How to make the most of a lease-to-own situation

As with any contract, a lease-to-own situation can go wrong without proper planning and contract negotiations. Here are some things to keep in mind if you’re considering a lease-to-own contract on a property.

Expect your rent to be inflated

Mortgage lenders often won’t accept a lease-to-own down payment unless the rent you’ve been paying on the home is above the typical rent for that type of a home and in that area. Lease-to-own applicants must be able to prove that the amount they’ve been gaining in savings through the lease is truly part of an intended savings effort and not simply because of a reduction in monthly rent.

Be sure that a legal contract is signed

It’s wise to be sure that every detail of the lease-to-own plan is in writing in the contract so that expectations are clear with both parties. Payment arrangements; language regarding who is responsible for utility payments during the time of the lease; and language clarifying who is responsible for repairs and repair costs is vitally important to all lease-to-own contracts. Don’t accept handshake deals for any part of the agreement. Get everything in writing and be sure that all parties have signed the agreement with a notary or lawyer present.

It’s also important to remember that the goal of a lease-to-own program is to give you time to clean up your credit, save up for a down payment or rectify whatever situation is hindering you from being approved for a traditional home loan. It’s expected that you as the lessee will take the time specified in the lease-to-own agreement to make sure you become an attractive applicant to mortgage lenders.

Understand the consequences of a broken deal

The contract should also include terms regarding what happens if one or both parties decide to back out of the lease-to-own agreement. Typically, when a buyer backs out of a lease-to-own deal, all down payment funds become property of the seller. In order to protect the savings you accumulate during a lease-to-own situation, it’s important to be sure that the contract contains language to help protect both the seller and the buyer in case the contract needs to be broken.

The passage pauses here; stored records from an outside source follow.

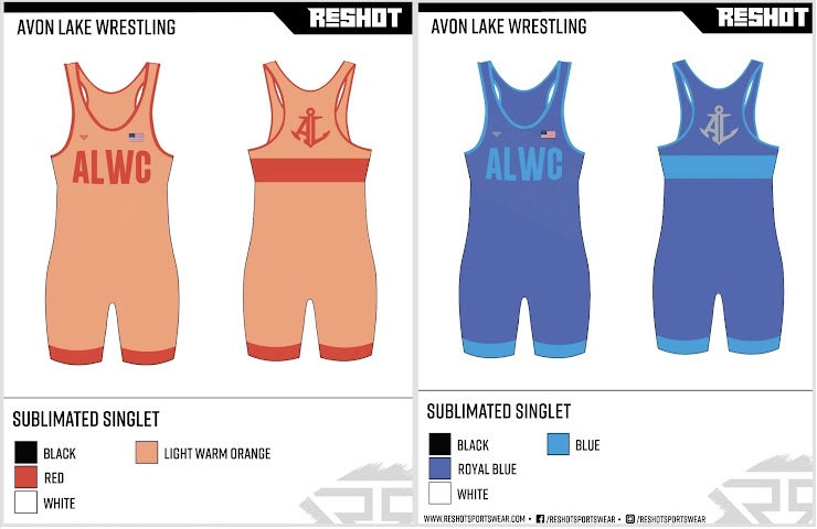 Special order! The Avon Lake Wrestling Club has partnered with Reshot to offer Red and Blue freestyle singlet sets, which meet the requirements to compete in USA Wrestling events. Available to Avon Lake wrestlers of all ages in men’s and women’s cuts. For sale at cost, which is $60.00 per set.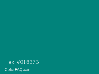 Hex #01837b Color is a dark cyan color and the nearest color is Teal Green #00827f. Hex code #01837b and RGB value is rgb(1,131,123). In RGB color space, this color is composed of 0% red, 51% green, 48% blue, In CMYK color space, this color is composed of 99% cyan, 0% magenta, 6% yellow , 49% black , In HSL color space, this color has a hue angle of 176° , 98% saturation and 26% lightness.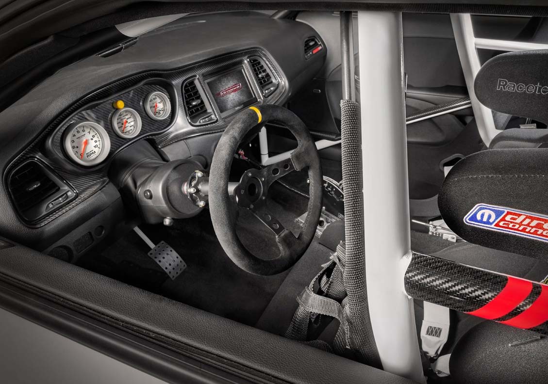 Rounding out the Factory Stock racing class feel on the interior are custom-cut lightweight carpeting, carbon fiber tube protectors and SFI-compliant roll bar padding.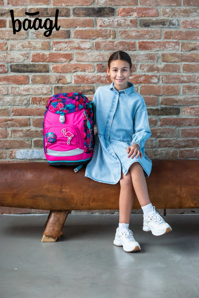 Stilfuldt skolesæt med flamingo-motiv omfatter den ergonomiske rygsæk BAAGL AIRY PLUS, et-etagers penalhus, pose til skiftesko, forklæde og en lille pung. Rygsækken har en justerbar rygstøtte, der vokser med barnet, vægt under 1,2 kg, vandafvisende genanvendt materiale og reflekterende elementer. Penalhus med kvalitetslynlås fra YKK og gennemtænkt organisering, pose med karabinhage til fastgørelse, praktisk forklæde til kreativt arbejde og pung til halsen udgør det perfekte udstyr til skolebarnet.

Be prepared to handle any expected or unexpected termination of the contract and know your rights as a lessee according to the laws of your state. If you’re having trouble understanding what’s expected of you or what to expect from the landlord in a lease-to-own situation, consider hiring a licensed realtor or real estate lawyer to represent you in the deal.

Conclusion

Lease-to-own deals have many attractive qualities that can help people who can’t get approved for a traditional mortgage work to become homeowners while being able to live in the house that they want to purchase as they improve their financial situation.